For the next hour, Stowe took the time and care to make sure he drank the entire canteen. He also supported him as he heaved one more time, then gave him more water.
The next thing he knew, a sharp, stabbing neck pain woke him from a dreamless sleep.
His eyes flew open, but they no longer hurt. He reached for his pistol, ready to fire.
But he let his hand fall when he found only the outline of his stolen Cerl hover and Stowe propped up against his packs, using the scarce moonlight to read some book with a leafy plant on the cover. A small, soft voice inside him wanted to ask if he could borrow it when the other man finished.
He didn’t. Mostly because he wasn’t sure if he could hold the book long enough to read without his arms giving out.
Kase grumbled as he brought his hand up to rub his neck, but it caught on a thick blanket over his legs. He couldn’t seemuch in the waning gold of Secondmoon’s light, but the wool blanket glittered a soft blue color where the moonlight hit it. Like something had been woven into it.
Setting aside his read, Stowe looked up. Kase winced as the book met the ground. If Hallie had gotten her love of reading from her father, she must have gotten her respect for books from someone else; she would never commit such a heinous act as placing a perfectly good book on damp grass.
“Found blankets in that tiny cargo hold.” Stowe opened his pack and pulled out a few items. “Not real good with maps, but I figure we’re probably ‘bout halfway to the capital.”
Kase shook his head, wincing at the crick in his neck. He rubbed it harder and gritted his teeth against the sharp pain. When he slept next, he dearly hoped it wasn’t sitting upright against a tree. However, the resthadtaken the edge off his exhaustion. Parts of his bones still felt like they’d been formed from mazelberry jam, but he felt fit enough to fly again. He no longer felt like emptying the contents of his stomach, at least.
“There’s no way we’re halfway to the capital. That kind of trip would take us nearly a week.” Kase couldn’t tell exactly what Stowe was mixing inside the small vial he held, but he didn’t think it would help whatever ailed him. There was something wrong with that ship. Unfortunately, it was their only way to get anywhere without having to walk unless they could commandeer something else, and he didn’t feel like risking another hover-jacking like that.
Stowe stood with his vial and grabbed a folded sheet of parchment. “I never even left the mountains before this, but I’m pretty sure we passed Settler’s Barrows. Looked mighty like the little picture on the map.”
Kase extricated himself from the blanket and forced himself to stand, using the burly maple trunk for support.

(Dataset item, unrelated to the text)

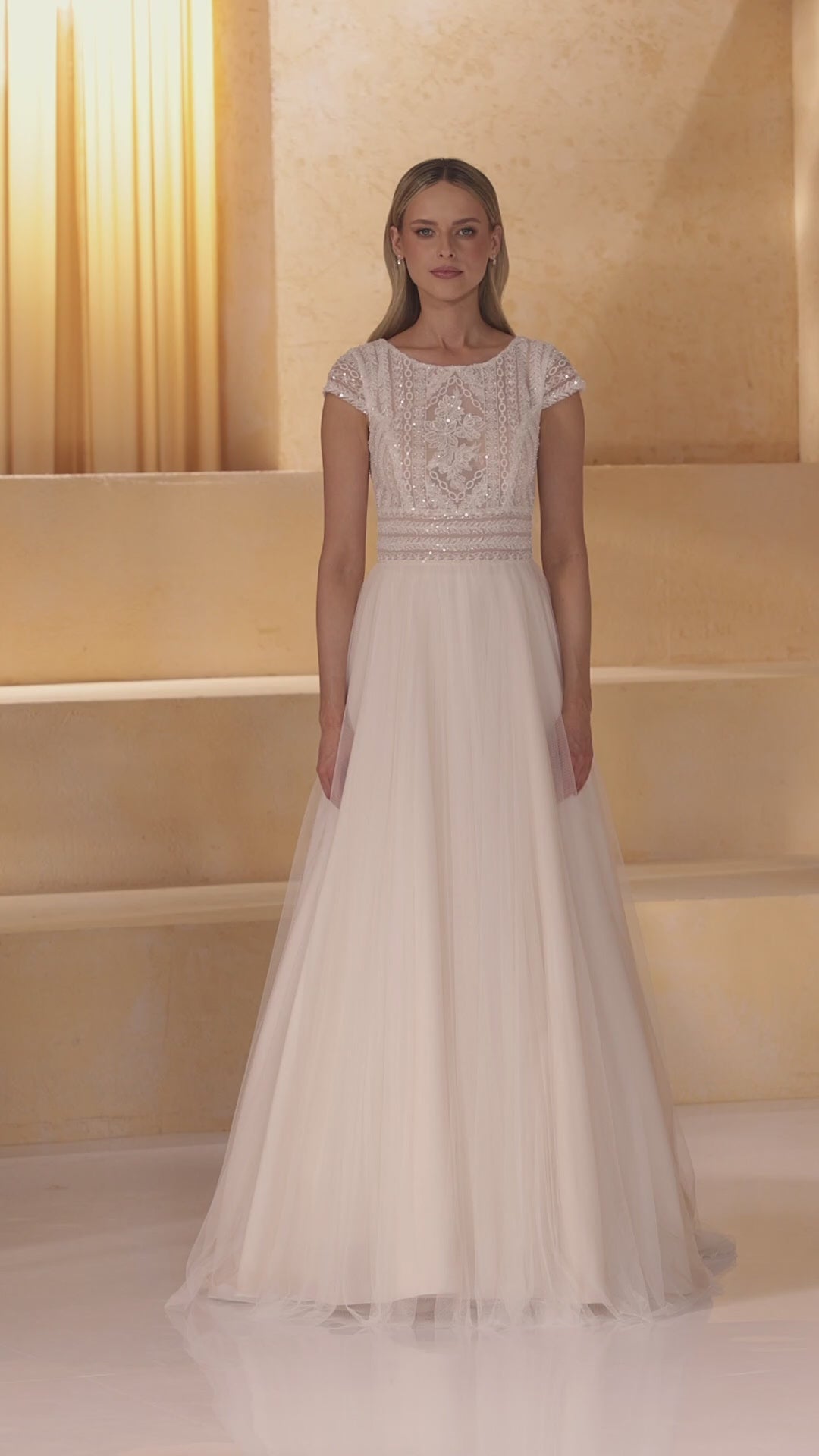 Das Bianco Evento Jopie ist ein wunderschönes Prinzessinnen-Brautkleid im Boho/Vintage-Stil. Gefertigt aus hochwertiger Spitze und reinem Tüll sorgt es für einen einzigartigen Look. Die kurzen Ärmel, der Neckholder-Ausschnitt und der offene Rücken mit Schlüsselloch verleihen dem Kleid eine feminine Note. Mit Kathedralschleppe und natürlicher Taille ist es perfekt für die weibliche, romantische Braut.
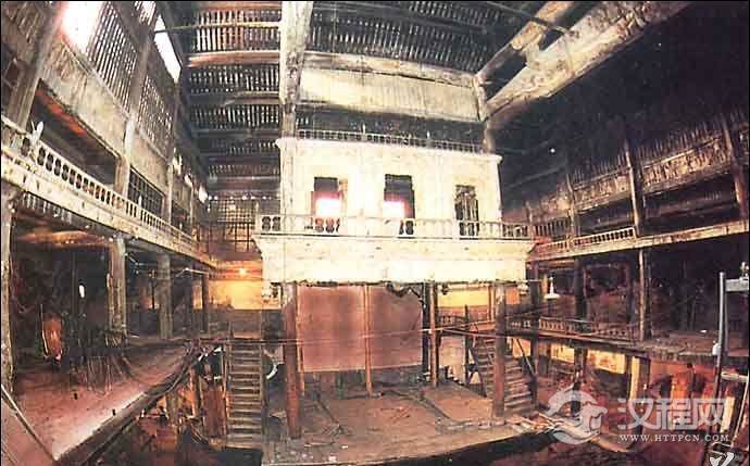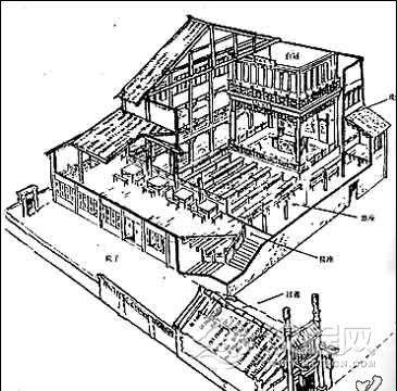戏楼经历了从台到楼,从简陋到精良的发展过程。即露台,舞亭类建筑,舞厅。舞厅的形成标志着三面敞开,一面留作后台的典型的中国式戏楼的确定。

Without the blanket covering him, the crisp early morning airpenetrated every exposed bit of skin and worked its way into his bones. He glanced back down at the blanket and its glittering fibers. “You said you found those on the hover?”
Stowe handed him the vial he’d been carrying. Kase took it, but he didn’t drink. Stowe didn’t comment further, only retrieved the blanket. He folded it over one arm and shrugged. “Felt warm, and you looked awful cold.”
Kase tapped the stopper on the vial. “What’s in this?”
“Pick Up tonic with coffee shavings. Gotta be careful with ‘em; I could only get a bag of roasted beans from Rubikan traders once a year. Coffee don’t grow up in the mountains.”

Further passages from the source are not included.